Supplied records:
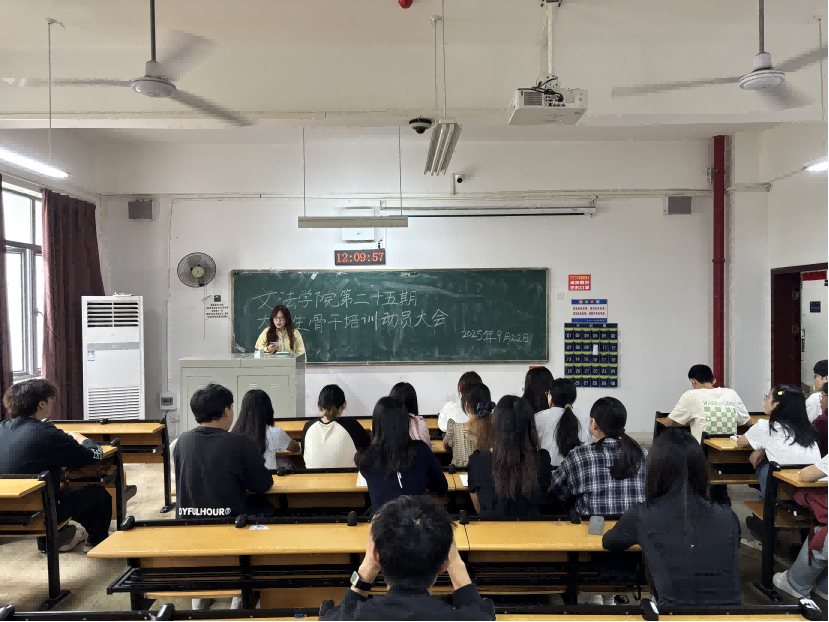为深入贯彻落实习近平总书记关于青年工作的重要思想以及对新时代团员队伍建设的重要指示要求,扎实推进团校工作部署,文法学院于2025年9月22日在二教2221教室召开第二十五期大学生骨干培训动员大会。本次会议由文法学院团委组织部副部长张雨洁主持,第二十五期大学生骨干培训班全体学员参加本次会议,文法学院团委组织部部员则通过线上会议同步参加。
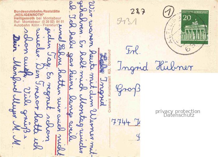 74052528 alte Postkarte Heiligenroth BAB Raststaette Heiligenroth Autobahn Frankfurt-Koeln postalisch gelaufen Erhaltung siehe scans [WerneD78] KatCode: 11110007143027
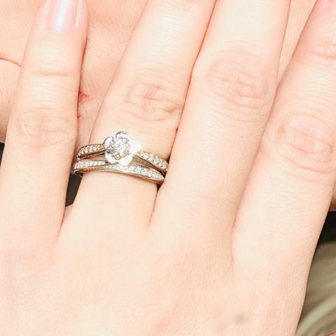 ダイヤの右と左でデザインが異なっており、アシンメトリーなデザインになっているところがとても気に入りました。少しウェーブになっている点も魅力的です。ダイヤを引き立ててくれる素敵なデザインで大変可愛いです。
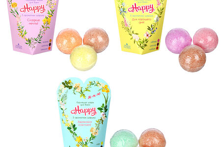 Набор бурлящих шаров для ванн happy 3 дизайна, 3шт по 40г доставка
* * *
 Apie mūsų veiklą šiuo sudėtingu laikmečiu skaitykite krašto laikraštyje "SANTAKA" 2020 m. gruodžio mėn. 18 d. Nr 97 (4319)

Directions: Without the pictures, set down the lines above from the line with "74052528 alte Postkarte" up to and including the line with "Набор бурлящих шаров" exactly as they stand.

Written answer:
 74052528 alte Postkarte Heiligenroth BAB Raststaette Heiligenroth Autobahn Frankfurt-Koeln postalisch gelaufen Erhaltung siehe scans [WerneD78] KatCode: 11110007143027
 ダイヤの右と左でデザインが異なっており、アシンメトリーなデザインになっているところがとても気に入りました。少しウェーブになっている点も魅力的です。ダイヤを引き立ててくれる素敵なデザインで大変可愛いです。
 Набор бурлящих шаров для ванн happy 3 дизайна, 3шт по 40г доставка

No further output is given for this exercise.